НАТУРАЛЬНАЯ ЦИСТАНША ТУБУЛОЗНАЯ ДЛЯ УЛУЧШЕНИЯ ПОЛОВОЙ ФУНКЦИИ PHGS75% ECH 30% ACT 12%

Материалы и методы

Животные.

Самки мышей C57BL/6 (6-8 недель, ~25 г) были приобретены в Пекинском центре исследований лабораторных животных (Пекин, Китай) и помещены в камеру с контролируемой температурой (25˚C) и световым циклом (12/ 12) Центр животных Синьцзянского университета (Урумчи, Китай). Все животные получали свободную от патогенов воду и корм.

Клеточная линия и культура.

Линия клеток карциномы пищевода человека (Eca-109) была сохранена в Синьцзянской ключевой лаборатории биологических ресурсов и генной инженерии (Колледж наук о жизни и технологий, Синьцзянский университет, Урумчи, Китай) и культивирована в RPMI{{1} } среда (Gibco; Thermo Fisher Scientific, Inc., Уолтем, Массачусетс, США) с добавлением 10% инактивированной нагреванием фетальной бычьей сыворотки (FBS; MRC, EN MOASAI Biological Technology Co., Ltd, Цзянсу, Китай), 1% L -глутамин (100 мМ), 100 ед/мл пенициллина и 100 мкг/мл стрептомицина при 37˚C во влажной атмосфере, содержащей 5% CO2.

Высокоэффективная жидкостная хроматография (ВЭЖХ).

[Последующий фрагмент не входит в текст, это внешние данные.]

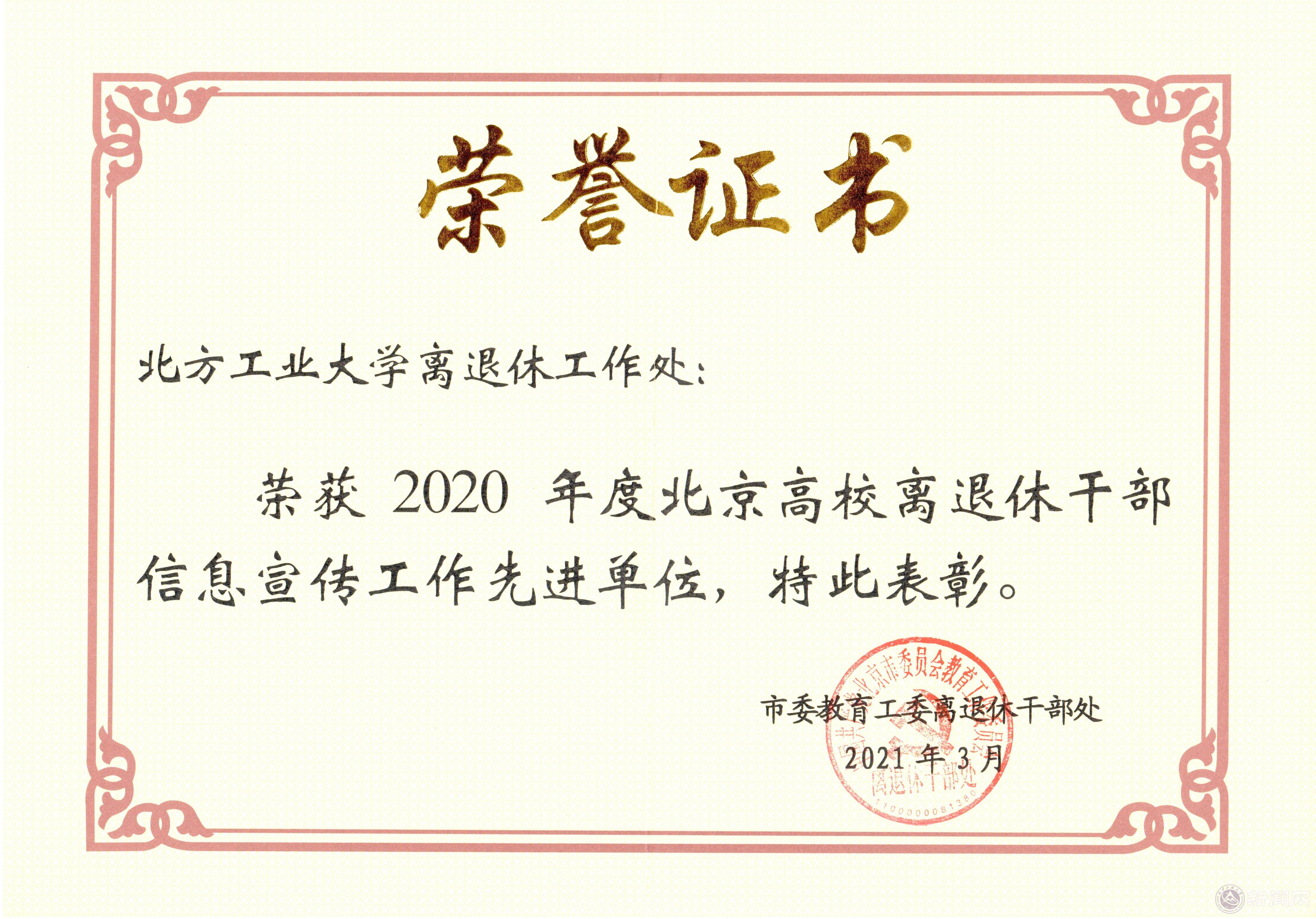 在日前召开的2021年北京高校离退休工作部门负责人会议上,bat365离退休工作处被评为“2020年度北京高校离退休干部信息宣传工作先进单位”。

CTPG-W (каталожный номер SGJG20170410) был приобретен у Shanghai Upbio Tech Co., Ltd. (Шанхай, Китай). Основные соединения CTPG были квалифицированы и количественно определены с помощью ВЭЖХ в соответствии с нашим предыдущим исследованием (24). Вкратце, ВЭЖХ проводили на колонке ZORBAX SB-C18 (250x4,6 мм; 5 мкм) при 30°C и элюировали 0,2% раствором муравьиной кислоты и градиентом метанола, начиная с 23%, при этом каждую минуту добавляли 1 мл. в течение 45 мин до достижения 31%. Всего было введено 10 мкл образца и обнаружено при длине волны 330 нм. Стандарт эхинакозида был приобретен у Shanghai Baoban Biotech Co., Ltd. (Шанхай, Китай), а стандарт актеозида был приобретен у Sigma-Aldrich (Merck KGaA, Дармштадт, Германия). Стандарты использовались для анализа компонентов CTPG-W.

МТТ-анализ.

Пролиферацию клеток измеряли с помощью МТТ-анализа. Клетки Eca{{0}} инокулировали в 96-луночные планшеты с плотностью 5x103 клеток в 100 мкл RPMI{{5 }} среду/лунку и культивировали при 37°C в течение 24 часов, затем обрабатывали различными концентрациями (0, 200, 400, 600 и 800 мкг/мл) CTPG-W или 0,4% диметилсульфоксида (ДМСО) в течение 24, 48 и 72 часа. ДМСО использовали в качестве контроля растворителя (800 мкг/мл CTPG-W, содержащего 0,4% ДМСО). Цисплатин (20 мкг/мл) использовали в качестве положительного контроля. Затем супернатант отбрасывали после центрифугирования при 225 g в течение 5 минут при комнатной температуре и в каждую лунку добавляли 100 мкл раствора МТТ (0,5 мг/мл в среде RPMI-1640 без FBS) и инкубировали при 37°C в течение 3 час Образовавшиеся кристаллы формазана растворяли в 200 мкл ДМСО. Значения оптической плотности (ОП) измеряли при длине волны 490 нм с помощью 96-луночного считывателя микропланшетов (Bio-Rad Laboratories, Inc., Геркулес, Калифорния, США). Относительную жизнеспособность клеток рассчитывали по формуле: Жизнеспособность клеток (%)=(ODобработанная/ODнеобработанная)x100%. Морфологию клеток Eca-109 наблюдали с помощью инвертированного флуоресцентного микроскопа (увеличение x200) (Nikon Eclipse Ti-E; Nikon Corporation, Токио, Япония).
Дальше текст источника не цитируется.